Эрин снова смочила тряпку и протерла лицо Магдален. Веки девушки приоткрылись, и глаза на мгновение ожили.
— Леди, нам придется вызвать повитуху, — настойчиво сказала Эрин, понижая голос. — Иначе ребенок погибнет.
Магдален, застонав, замотала головой.
— Не хочу, чтобы она… пока не хочу.
Казалось, она взглядом умоляла служанок собраться вместе возле нее для последнего усилия. Боль в очередной раз исказила ее лицо, и Магдален, задыхаясь, начала биться в конвульсиях.
В темном небе поднялась луна, зацепившись рогом за край окна. Служанки лихорадочно перебирали четки, страстно шепча молитвы.
Разоблачившись, Гай сложил доспехи в палатке, разбитой за оградой арены. Был ранний вечер, и на краю долины виднелся сквозь дымку замок Компьень.
— Вино, милорд, — Джеффри поднес кубок. — Ваша победа, милорд, была просто блистательна!
— А? — Гай даже не расслышал замечания оруженосца. Он двинулся к выходу из палатки, потягивая из кубка вино. Воздух приятно освежил лицо, еще недавно закрытое шлемом и забралом, а тело без громоздких доспехов двигалось широко и свободно. Впереди его ждал пир, который наверняка завершится грандиозной попойкой, а потом он сможет уснуть в мягкой и чистой постели — предвкушение всего этого наполнило его радостью.
На небе сверкнула вечерняя звезда, и Гай нахмурился. Ему вдруг пришло в голову, что каких-нибудь два часа дороги — и он снова в замке де Бресс. Мысль была совершенно несвоевременной: его спутники вполне заслужили хорошую пирушку в отменном обществе, удобную постель и неспешный путь домой при свете дня, когда им не грозит никакая опасность.
Гай резко повернулся.
— Мы возвращаемся в Бресс, Джеффри. Передай рыцарям и прислуге, что мы отправляемся немедленно.
Отряд выехал из Компьени, когда уже совсем стемнело. Никто не спрашивал лорда де Жерве о причинах его внезапного решения, хотя все устали после трех дней сражений, не ужинали и вынуждены были быть бдительными на случай возможного нападения. Все мечтали об одном: как можно скорее оказаться в замке. И ни единой жалобы или ропота недовольства не долетело до уха Гая, который ехал впереди, нахмурив брови и сжав губы.
Он и сам не знал, почему так поступил, но решение пришло внезапно и было необоримым.
Около десяти часов вечера они прибыли в замок Бресс.

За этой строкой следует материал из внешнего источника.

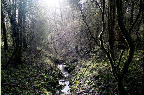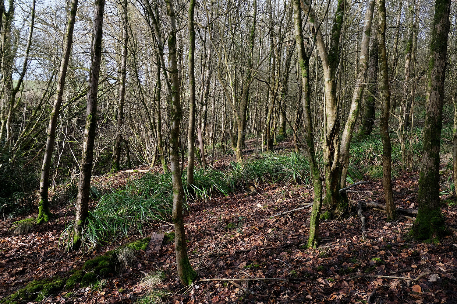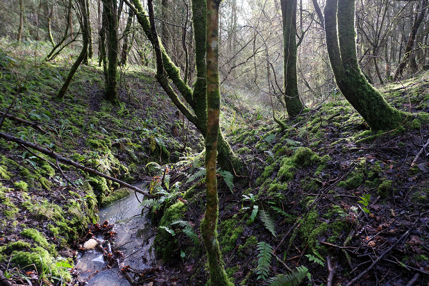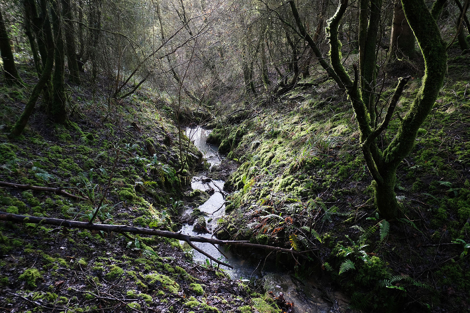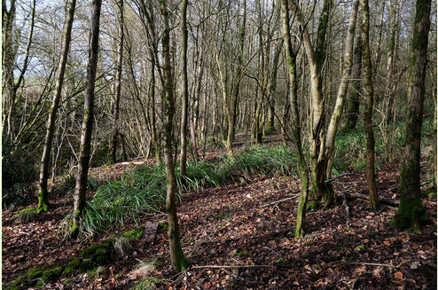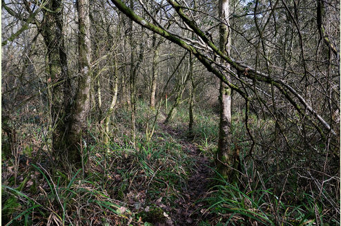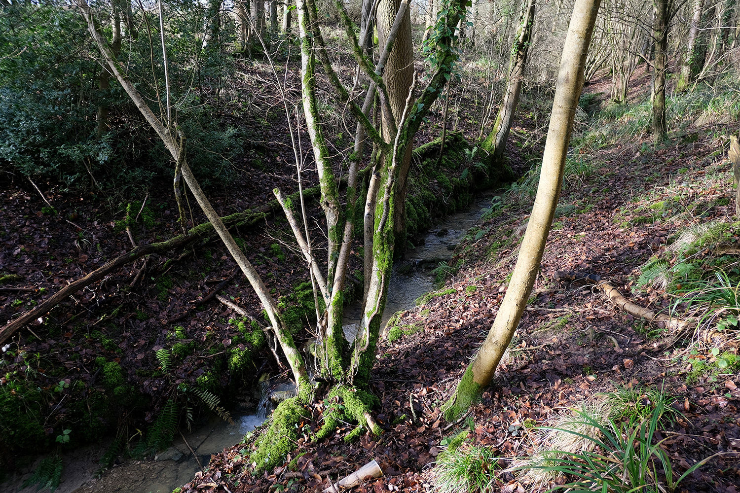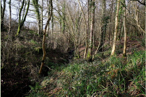 Moving south, oak and beech are more common, hazel, ash, birch and chestnut are also present. While the stream gully is steep in places, there are numerous points where it can be crossed with ease. The southern boundary adjoins open fields, allowing sunlight to flood into this part of the woodland.
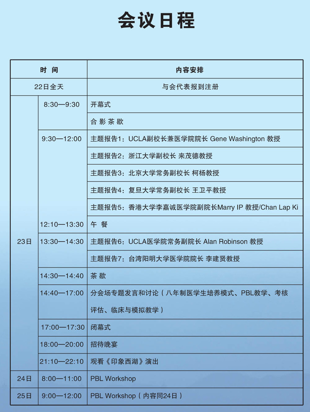五、 参会人员:政府医学教育主管部门,高校主管医学教育的领导、主管医学教育的院长、教务部门领导以及院系和附属医院的教学骨干、教学管理和研究的相关人员。
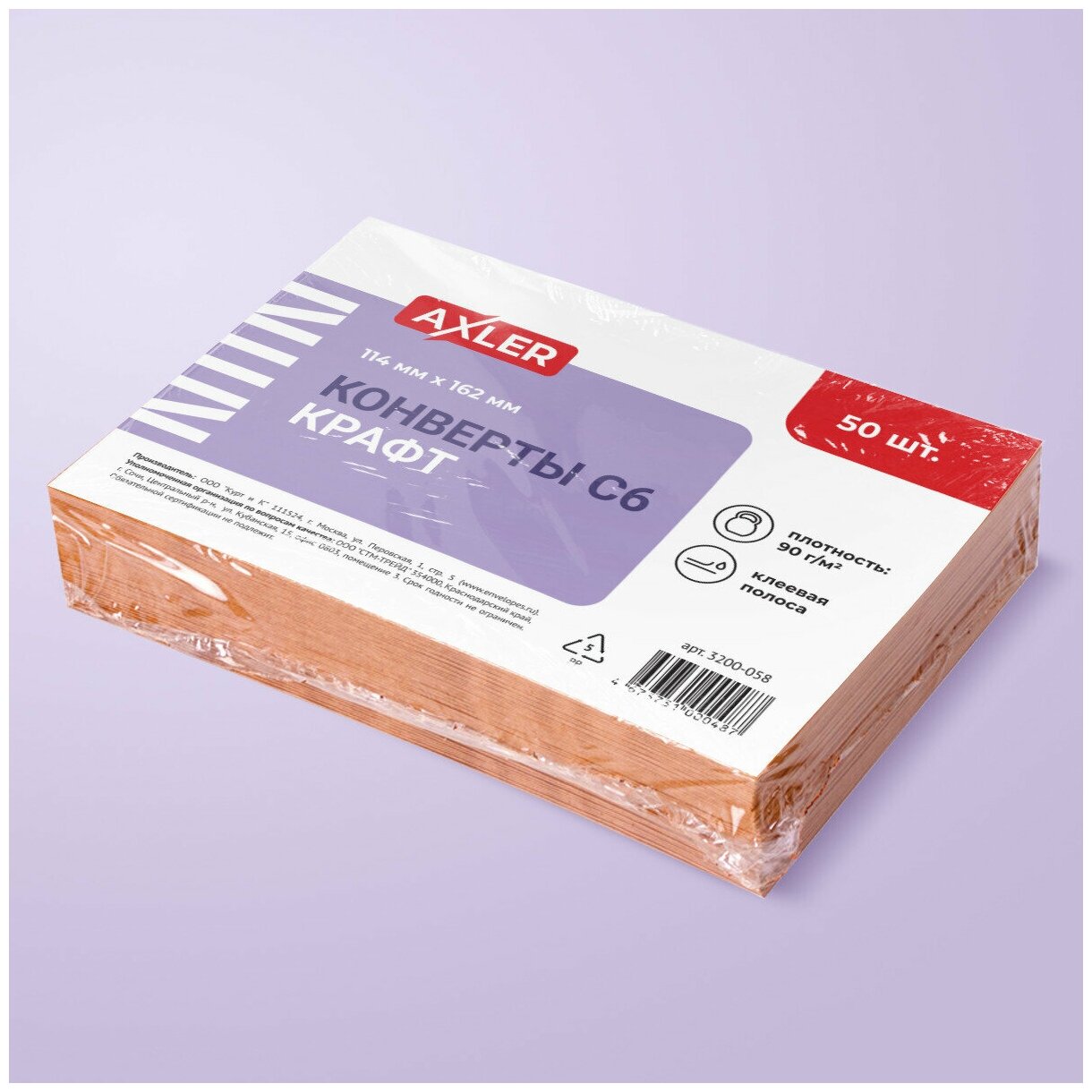 Конверты С5 (162х229мм) AXLER, комплект 100 шт, отрывная лента, внутренняя запечатка

Магдален, измученная родами, не слышала, как герольд де Жерве властно протрубил в рог, требуя опустить подъемный мост, зато этот звук сразу же услыхали через открытую створку окна ее служанки.
— Это милорд, — обрадовалась Эрин, наклонившись к Магдален, чтобы вытереть ей лоб. — Милорд приехал, леди.
Она не была уверена, слышала ли страдалица ее слова, и на всякий случай повторила их.
— Она чуть было не умерла, — проворчала старуха, осторожно приближаясь к кровати. Магдален все еще не разрешала ей прикасаться к себе, хотя сил на то, чтобы выдворить ее из комнаты, у нее уже не было. — Если я в течение часа не вытащу из нее ребенка, они оба умрут.
— Нет! — каким-то образом смысл слов проник в сознание роженицы. — Ты не прикоснешься ко мне!
Ворча и качая головой, старуха ретировалась в тень. Ее дело — предложить услуги, а на нет и суда нет: если женщина умрет, то она здесь ни при чем.
— Но, миледи… — начала было Эрин, и слова застряли у нее в горле.
Дверь распахнулась, и вошел Гай де Жерве, на ходу стягивая с рук латные рукавицы; его обветренное, загорелое лицо побледнело. Еще в воротах ему сообщили, что леди де Бресс весь день мучается в родах и никак не может родить ребенка, а по выражению лиц у попадавшихся ему навстречу обитателей замка он без всяких слов понял, что дело плохо.
— Как она?
— Плохо, милорд, — тупо сказала Эрин. — Ребенок никак не родится, а силы миледи на исходе.
Гай приблизился к постели и пристально, с отчаянием и недоверием взглянул на Магдален. Вместо глаз он увидел глубокие лиловые впадины, кожа на скулах и на лбу так натянулась, что, казалось, еще немного, и она прорвется, а рот, чудесный, страстный рот, сжался в тонкую страдальческую улыбку.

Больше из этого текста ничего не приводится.